GSK hires former Genentech expert for AI unit
GlaxoSmithKline has hired computational drug design specialist Dr Kim Branson to expand its artificial intelligence and machine learning unit.
Branson joins the pharma group as senior vice president and global head of AI and machine learning after holding positions at a number of Silicon Valley firms – including Hessian Informatics, Lumiata and Gliimpse – as well as a one-year posting as head of AI at Genentech that concluded in April.
Branson (pictured) received a BSc in Biochemistry from the University of Adelaide in 1999, and went on to complete a PhD in Computational Drug Design at the University of Melbourne in 2003. He has been working on large-scale machine learning and medical informatics initiatives for more than 15 years.
At GSK, Branson will report to Tony Wood, the company's SVP for medical science and technology, who is based in San Francisco, said a spokesperson. He is the second recent recruit to the team after Jeremy England, senior director of AI and machine learning, who is a former physics professor at MIT and will be based in Boston.
GSK’s entire AI/machine learning team numbers approximately 50 staff and is spread out across key GSK R&D sites in Philadelphia, San Francisco, Boston, Germany, and Stevenage in the UK.
The company has been steadily building its computational drug discovery platform and was an early entrant into the field when it started working with IBM and its Watson for Drug Discovery platform back in 2013.
Since then, the company has added to the headcount working in this area – recruiting Karenann Terrell to the newly-created post of chief digital and technology officer in 2017 – and signed a number of deals to build its expertise in applying AI to drug discovery projects.
Those included a project last year with Cloud Pharmaceuticals to design novel small-molecule agents to GSK-specified targets, similar to two deals signed in 2017 with Scottish firm ExScientia and Insilico Medicine.

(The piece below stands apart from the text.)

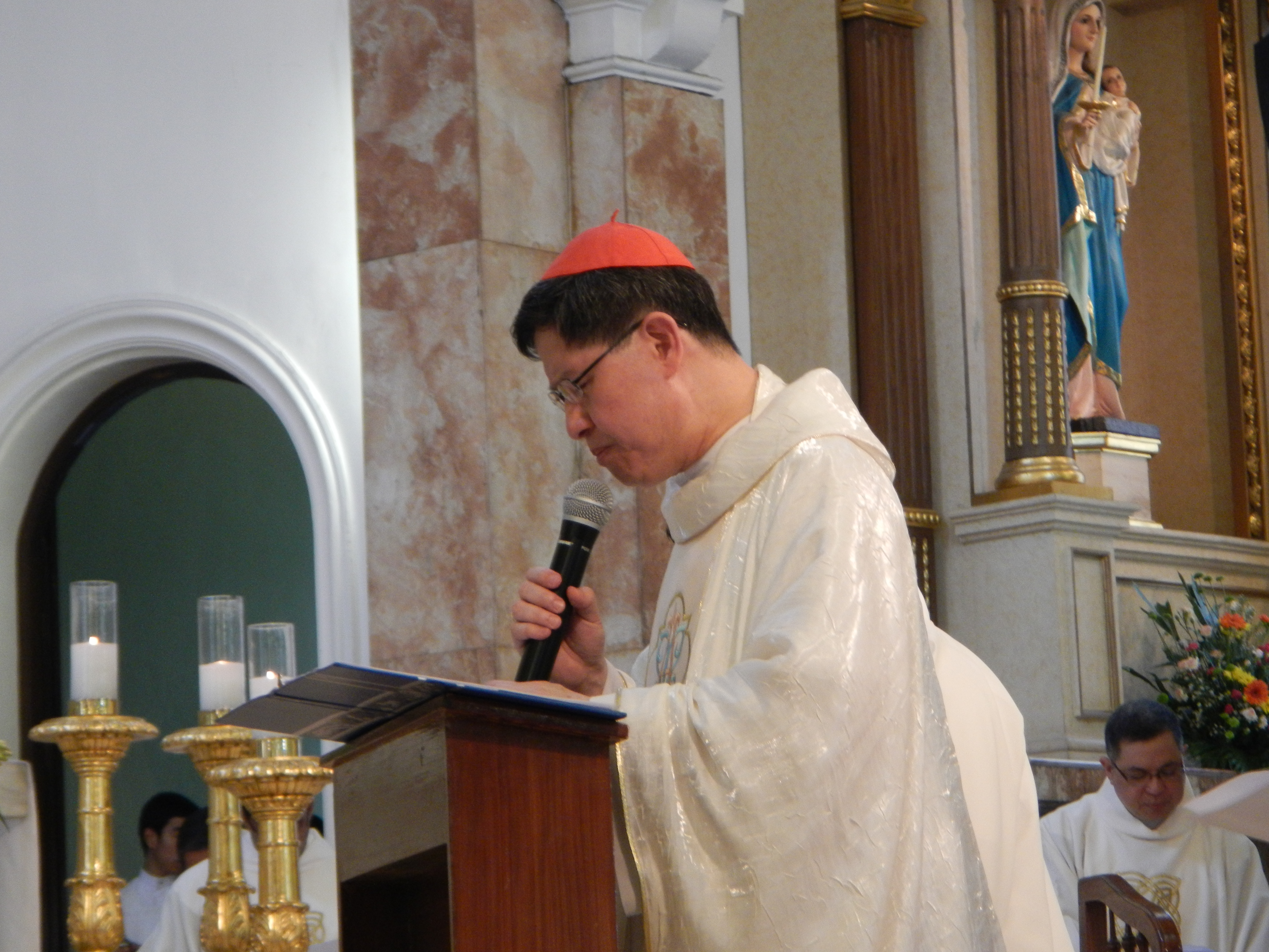 Photos of the First in Philippine History, landmark, historical and momentous: National Consecration to the Immaculate Heart of Mary, 8 June 2013 Consecration to the Immaculate Heart of Mary 8 June 2013 [1] Cardinal Tagle: No corruption in a country entrusted to MaryCardinal Tagle: No corruption in a country entrusted to MaryTagle leads prayer vs corruption, lifts PH to Mary’s heart Saturday, June 8th, 2013 [2] CBCP Circular Letter No. 01 – s. 2013: Celebration of the National Consecration to the Immaculate Heart of Mary on June 8, 2013.[3] + JOSE S. PALMA, D.D.[4] - "Bayang Sumisinta Kay Maria" ‘Act of Consecration to Mary,’ Marian recollection on June 8 June 2nd, 2013 Observance: Consecration of the Philippines to the Immaculate Heart of Mary Consecration to the Immaculate Heart of Mary June 8, 2013 [5] [6] THE Act of Consecration to the Immaculate Heart of Mary will be held in all the cathedrals, shrines, and parishes all over the country at 10 a.m June 8, 20123. Tagle, may panawagan sa mga Pilipino The National Consecration of the Philippines and the Catholic Faithful to the Immaculate Heart of Mary as "Isang Bayang Sumisinta kay Maria" (Pueblo Amante de Maria) took place on June 8, 2013, the Feast of the Immaculate Heart of Mary. It was led by Luis Antonio Tagle[7] (Latin: Aloysius Antonius Tagle
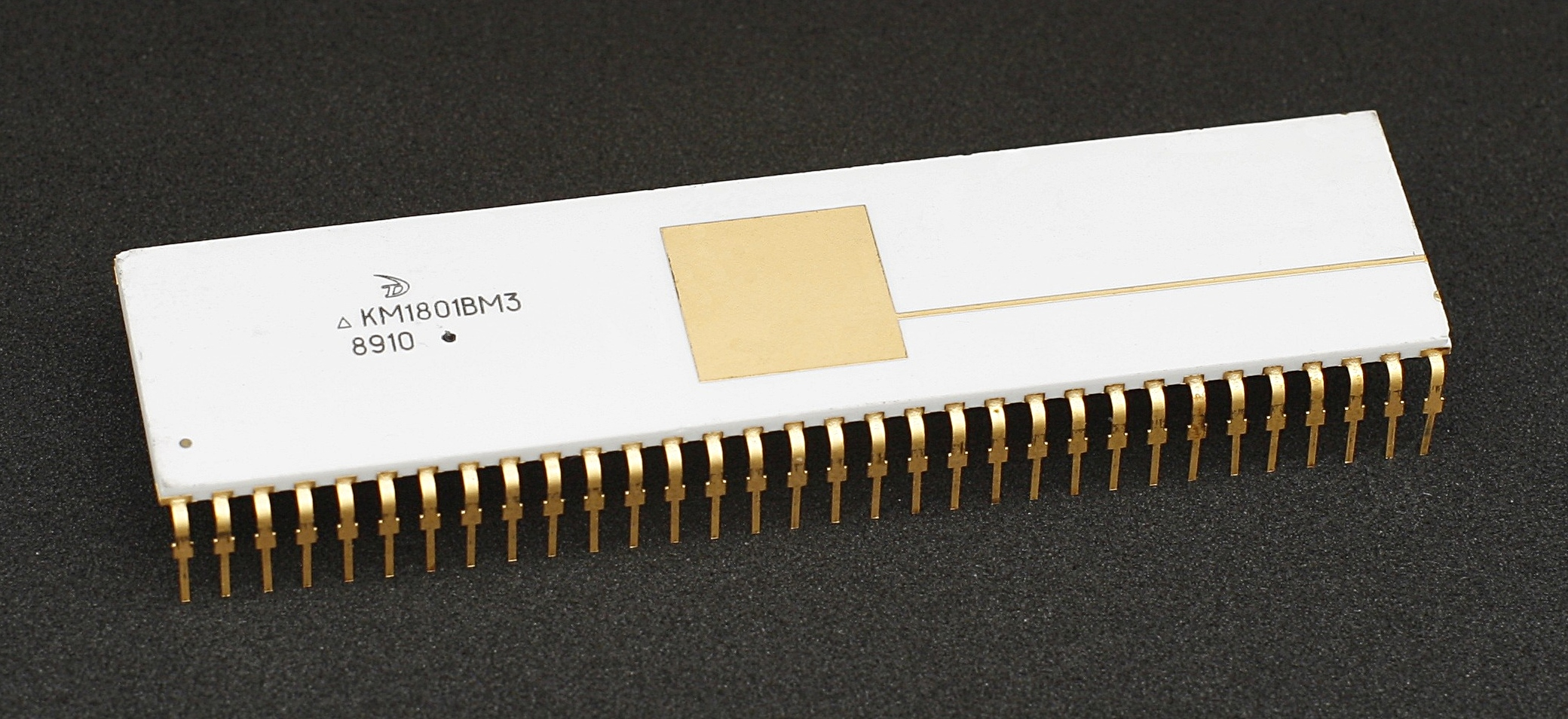 USSR CPU KM1801VM3

It also has a collaboration with the US Department of Energy and National Cancer Institute to accelerate preclinical drug development by using computational technologies, and is part of the Accelerating Therapeutics for Opportunities in Medicine (ATOM) Consortium, which aims to use AI to go from drug target to drug candidate in less than a year.
In the meantime, IBM has reportedly decided to abandon Watson for Drug Discovery because of poor sales, although the platform is still being used for other applications.
Speaking on GSK’s first-quarter results call in May, GSK’s R&D head Hal Barron said that AI and machine learning is a key part of the company’s efforts to improve R&D productivity, particularly in light of the massive data sets emerging from gene sequencing and functional genomics studies that are trying to tease out new disease and drug targets.
“We really do believe that machine learning and artificial intelligence applied to these highly dimensional data sets can unravel the biology in a pretty profound way,” he told analysts on the call.